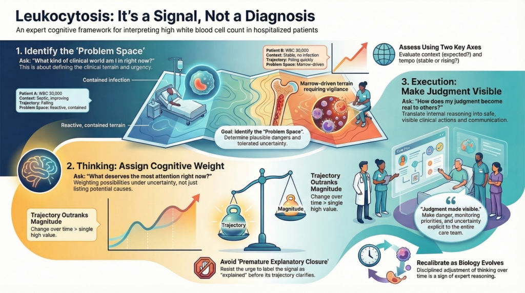 This series approaches leukocytosis through three distinct cognitive layers:
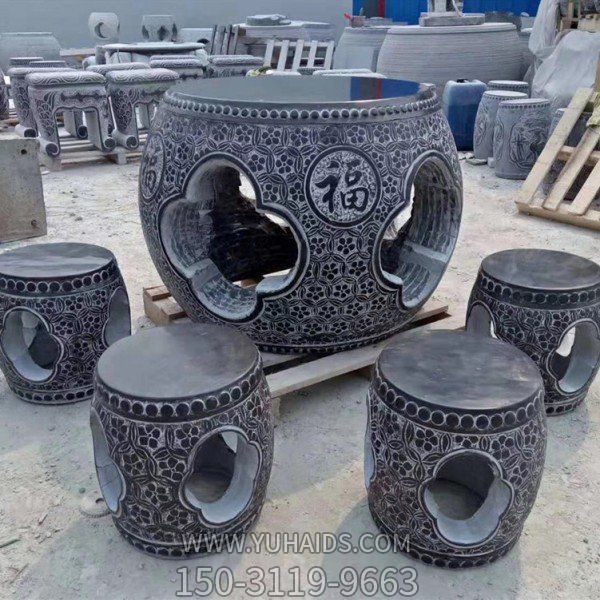空心青石石雕圓形石桌石凳雕塑 空心青石石雕圓形石桌石凳雕塑
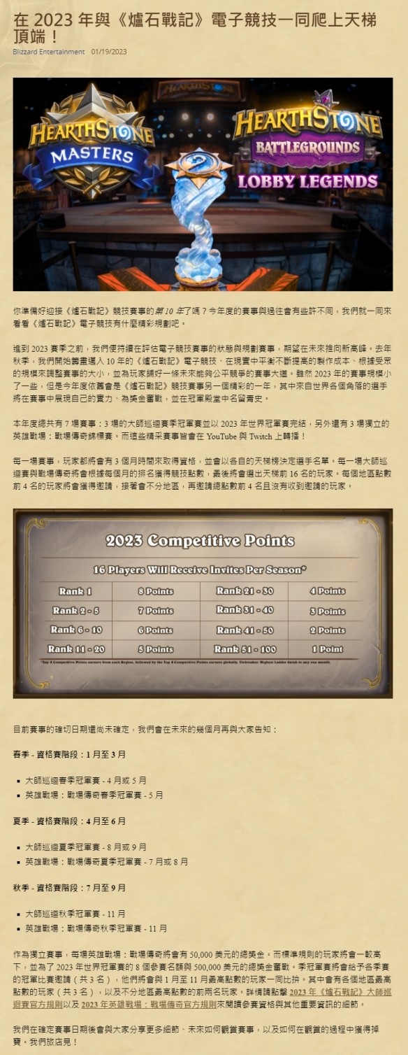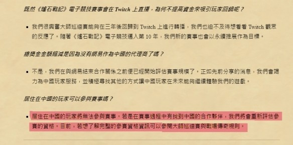 《爐石傳說》官方今日公開了2023年爐石賽事的比賽規則,除了正常的賽事規則介紹之外,在常見 Q&A 部分還表示「居住在中國的玩家將無法參與賽事。若是在賽事過程中有找到中國的合作夥伴,我們將會重新評估參賽的資格。」
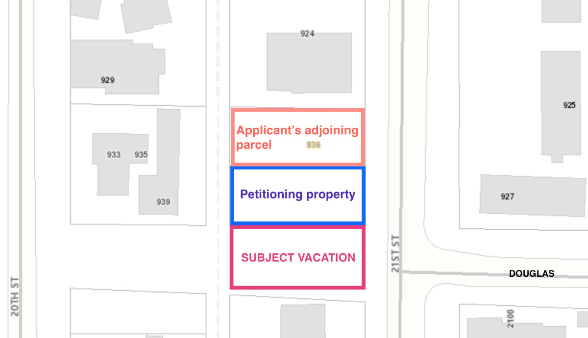 The first peculiarity is that it asks for the entire ROW. Adjoining properties normally only get the adjoining half. In this case, Applicant Dick Skeers reportedly “inquired” and “determined” that the opposite adjoining property was not interested in their half, so asked for all of it.
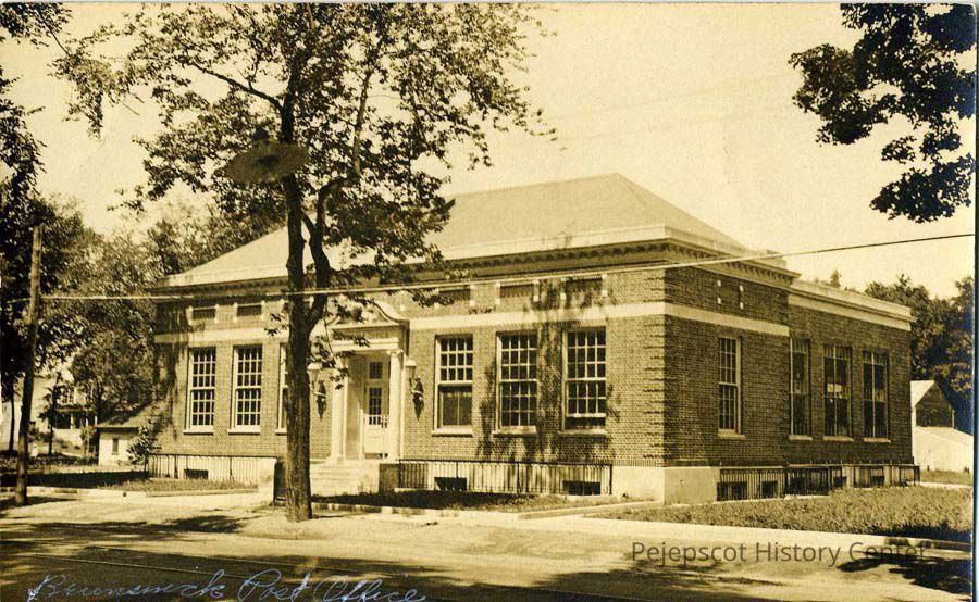 A sepia postcard of the Brunswick Post Office, 28-30 Pleasant St. Brunswick, Maine. Undated.
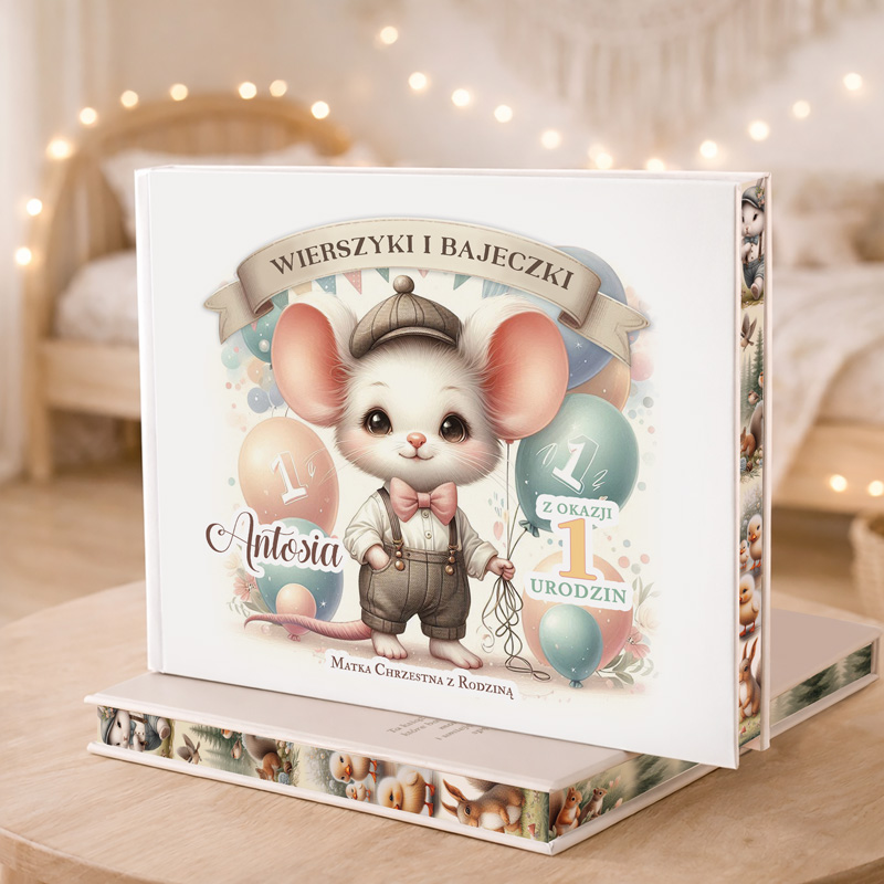 Na okładce książeczki znajduje się ilustracja myszki otoczona pastelowymi balonami, a także imię dziecka i podpis od osoby wręczającej. Dzięki temu prezent nabiera unikalnego i osobistego charakteru. Wewnątrz znajdziesz bajki z morałem oraz rymowanki wierszyki idealne do wspólnego czytania z rodzicami. Teksty wspierają rozwój wyobraźni, a jednocześnie wprowadzają malucha w świat wartości i emocji. Dodatkowo w książce znalazły się ciekawe zadania do wykonania przez dziecko.
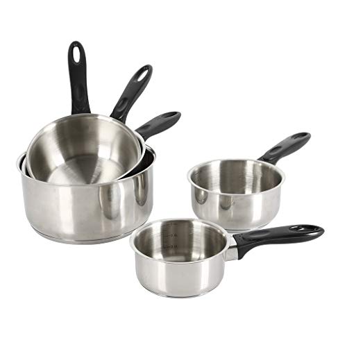 Crealys 501534 Lot de 5 Casseroles Acier Inoxydable Ø12/14/16/18 et 20 cm Gamme ESSENTIAL - Poignée Thermorésistante - Tous Feux dont Induction, Argenté.
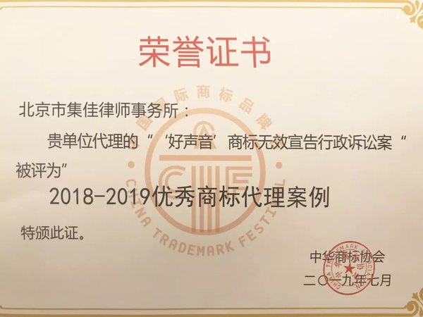 7月6日,第十一屆中國國際商標(biāo)品牌節(jié)在銀川正式拉開帷幕,各項(xiàng)活動如火如荼地進(jìn)行著。在商標(biāo)典型案例評析論壇上,集佳再獲嘉獎,由集佳代理的“好聲音”商標(biāo)無效宣告行政案被評為“2018-2019優(yōu)秀商標(biāo)代理案例”。
+---+
Your instructions: After removing each picture, print the entries above exactly as they were.

Result of this task:
 This series approaches leukocytosis through three distinct cognitive layers:
空心青石石雕圓形石桌石凳雕塑 空心青石石雕圓形石桌石凳雕塑
 《爐石傳說》官方今日公開了2023年爐石賽事的比賽規則,除了正常的賽事規則介紹之外,在常見 Q&A 部分還表示「居住在中國的玩家將無法參與賽事。若是在賽事過程中有找到中國的合作夥伴,我們將會重新評估參賽的資格。」
 The first peculiarity is that it asks for the entire ROW. Adjoining properties normally only get the adjoining half. In this case, Applicant Dick Skeers reportedly “inquired” and “determined” that the opposite adjoining property was not interested in their half, so asked for all of it.
 A sepia postcard of the Brunswick Post Office, 28-30 Pleasant St. Brunswick, Maine. Undated.
 Na okładce książeczki znajduje się ilustracja myszki otoczona pastelowymi balonami, a także imię dziecka i podpis od osoby wręczającej. Dzięki temu prezent nabiera unikalnego i osobistego charakteru. Wewnątrz znajdziesz bajki z morałem oraz rymowanki wierszyki idealne do wspólnego czytania z rodzicami. Teksty wspierają rozwój wyobraźni, a jednocześnie wprowadzają malucha w świat wartości i emocji. Dodatkowo w książce znalazły się ciekawe zadania do wykonania przez dziecko.
 Crealys 501534 Lot de 5 Casseroles Acier Inoxydable Ø12/14/16/18 et 20 cm Gamme ESSENTIAL - Poignée Thermorésistante - Tous Feux dont Induction, Argenté.
 7月6日,第十一屆中國國際商標(biāo)品牌節(jié)在銀川正式拉開帷幕,各項(xiàng)活動如火如荼地進(jìn)行著。在商標(biāo)典型案例評析論壇上,集佳再獲嘉獎,由集佳代理的“好聲音”商標(biāo)無效宣告行政案被評為“2018-2019優(yōu)秀商標(biāo)代理案例”。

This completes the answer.